As Gai willingly stood in place so Neji could touch points Naomi could barely distinguish at her best, she and Hizashi offered one another what little unspoken comfort they could in a brief caress or loving glance. Everything was changing, and it was all in Hyobe's hands. Would Neji be punished for hurting Hinata? Would he be punished for having skills he shouldn't? Would Hyobe be impressed enough to let it slide? So many questions and no control over their answers. Almost ten years serving as replacements to the main family only to be reminded how truly powerless they were without Hinata. And if the worst happened to her . . .
When Neji finished his replay, Hyobe stepped forward and pressed a single finger to the apex of Neji's shoulder. "This is what stopped Hinata from dodging."
Neji shook his head. "That's not possible. I hit that to limit the chakra going to her arm, it doesn't affect the motor function."
"Normally that's true, but that was one of the first strikes you made. Once it cuts off chakra to the arm it begins to spread to the rest of the shoulder and upper torso. Given enough time, it can stall motor ability."
"I did it to her?" Neji sat back down and buried his face into his hands.
"Yes, it appears your self-tutelage is lacking. Still," —Hyobe walked forward, slowly, as if measuring the worth of his grandson in each step— "your skills are far more impressive than I ever imagined. If Hinata doesn't survive . . ."
The barest wisp of smile tugged at Hyobe's lips for a fraction of a second, but Naomi saw it. That bastard put Hinata in this position. He hounded her to be someone she wasn't. Demanded perfection from someone who was beautifully imperfect. Refused to let her grow in the way she needed. And when she needed him to support her the most, he could only see a chance to replace her with a superior model. All Naomi wanted was her daughter alive and well, and that bastard saw it as an opportunity.

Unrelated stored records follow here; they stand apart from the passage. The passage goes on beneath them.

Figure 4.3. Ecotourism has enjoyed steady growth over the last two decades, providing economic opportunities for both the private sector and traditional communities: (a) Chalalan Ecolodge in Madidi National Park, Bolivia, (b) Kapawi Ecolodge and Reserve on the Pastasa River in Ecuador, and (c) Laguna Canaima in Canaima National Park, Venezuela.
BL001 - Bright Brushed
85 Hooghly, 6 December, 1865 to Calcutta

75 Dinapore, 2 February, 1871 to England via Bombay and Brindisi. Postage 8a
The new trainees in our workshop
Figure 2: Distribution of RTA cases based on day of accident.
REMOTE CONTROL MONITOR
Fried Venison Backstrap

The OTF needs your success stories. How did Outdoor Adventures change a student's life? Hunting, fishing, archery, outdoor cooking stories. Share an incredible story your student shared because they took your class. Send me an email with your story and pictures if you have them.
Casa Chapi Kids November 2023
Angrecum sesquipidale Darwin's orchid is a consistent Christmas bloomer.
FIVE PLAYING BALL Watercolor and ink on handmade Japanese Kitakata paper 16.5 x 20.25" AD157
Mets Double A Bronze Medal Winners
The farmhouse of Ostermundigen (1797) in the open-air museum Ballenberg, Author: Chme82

Hatred numbed her skin to bone. Hatred she couldn't fathom any one person being able to survive without it exploding out. Hatred that separated her from Hizashi's safe hold, forced her body into a fighting stance, and pushed her chakra-laden palms straight at the most powerful member of the Hyuuga clan. She didn't even register her would-be victim's hand raising in a way that should have frightened her to her soul. Hatred blinded her, and then so did the pain.
Screams filled her ears, shrieking that burned from her forehead, through her eyes, and deep into the center of her skull. It wasn't until daggers receded from her skin that she realized the screams were her own. Naomi blinked, struggling to see through the brightness. Hizashi cradled her head in his lap, feather light fingers removing her forehead protector and wrapping to expose the bright seal beneath. Neji stood over them, protective and afraid. But it was Sandaime whose hand had stopped Hyobe.

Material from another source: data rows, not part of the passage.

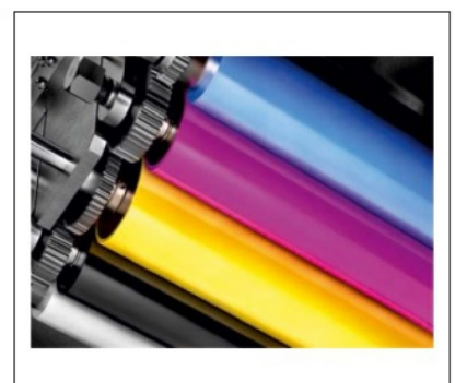
Nylon coated printing machine rollers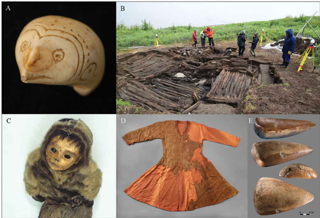
Figure 2. Examples of some of the extraordinary archaeological finds from the Arctic: A) ivory owl effigy toggle from Nuvuk, Alaska; B) pre-contact driftwood house floor from Kuukpak in the Mackenzie Delta, Canada; C) human remains from Qilakitsoq, Greenland; D) preserved medieval textiles from Andøy, Nordland, Norway; E) 31 000-year-old decorated ivory scoop from the Yana site, Arctic Siberia.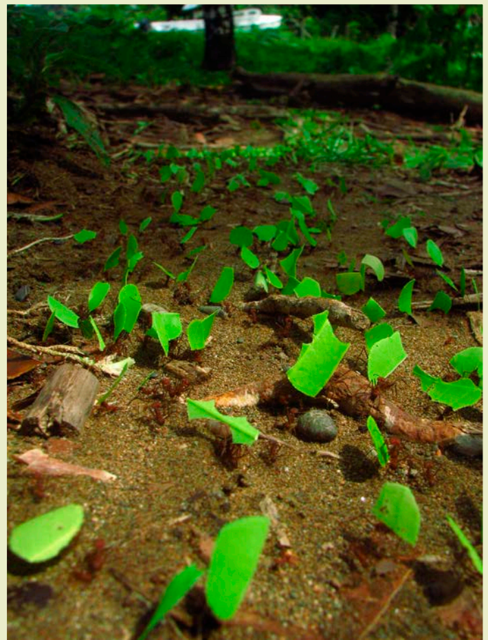
Leafcutter ants transporting leaves to their nest to feed their fungus farm.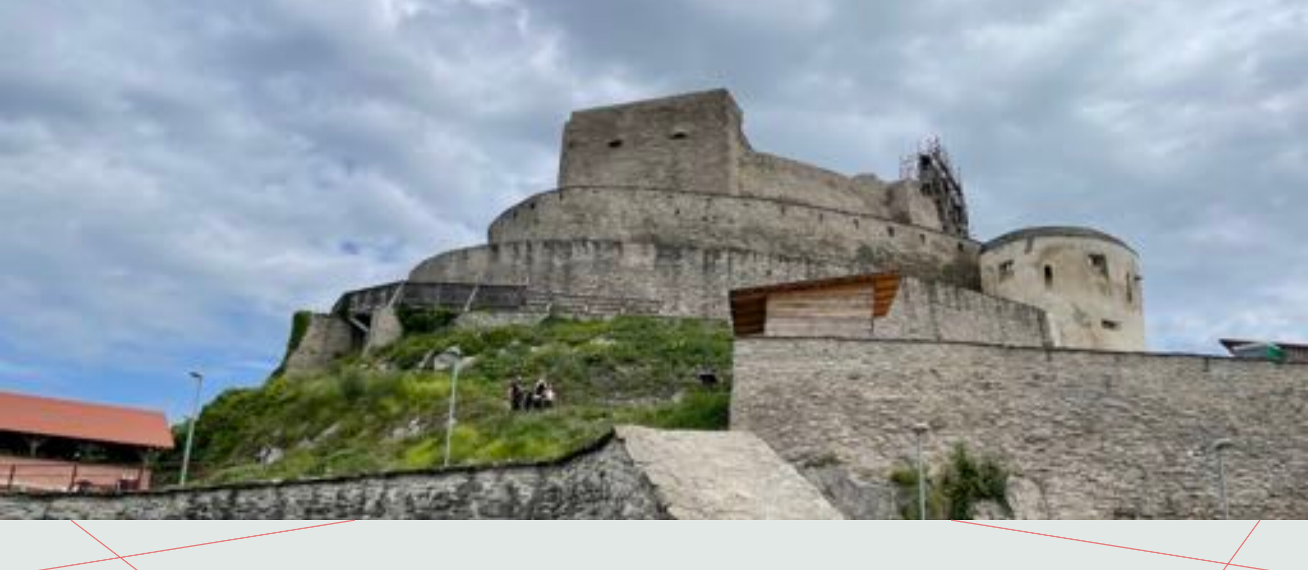
DEVA FORTRESS SITE WHERE FRANCIS DAVID WAS IMPRISONED AND DIED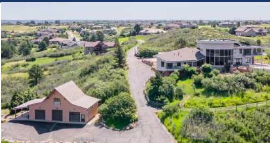
1175 Ridge Oaks Drive Castle Rock CO 80104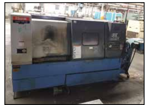
MAZAK QT300 CNC Turning Center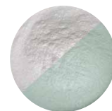
KTZ® G INTERVAL GREEN

TiO 2 - Titanium Dioxide Fe 2 O 3 - Red Iron Oxide Fe 3 O 4 - Black Iron Oxide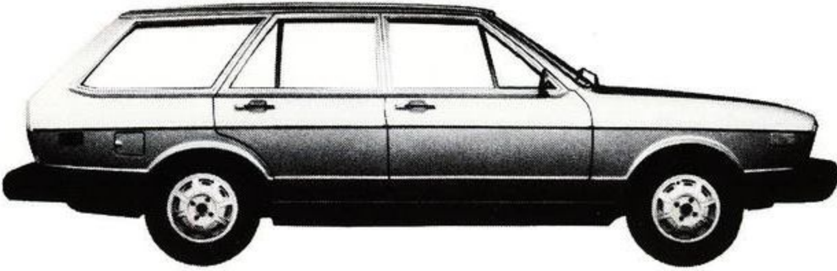
VW Dasher Station Wagon*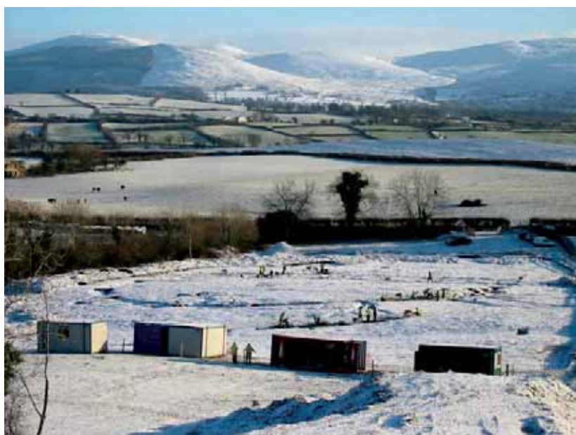
Illus. 16—Main enclosure at Balriggeran under excavation in the snow looking in the direction of the Great North Road (Niall Roycroft)

a large corn-drying kiln, still full of charred seeds, and two charcoal clamps were found. No souterrain was located within the lands made available.

"That's enough, Hyobe. I think a terrified mother deserves some leeway, don't you?"
Hyobe lowered his arm but kept a level eye with Sandaime. "This is a clan matter, Hokage-sama."
Sandaime shook his head and placed a steady grip on Neji's shoulder. Commanding yet gentle. "This is a tragic accident of the chuunin exam, and one that has a very loving family on edge. Perhaps we should all take a step back and breathe."
Hyobe might have been the most powerful Hyuuga, but they weren't in the clan and Sandaime was right: this was a matter of the chuunin exam. Hyobe nodded and turned away, leaving them on the floor without even a gesture of remorse. Naomi knew branchers who attacked the main didn't deserve that much in his mind —she reached up and took Neji's hand— unless they were useful to him.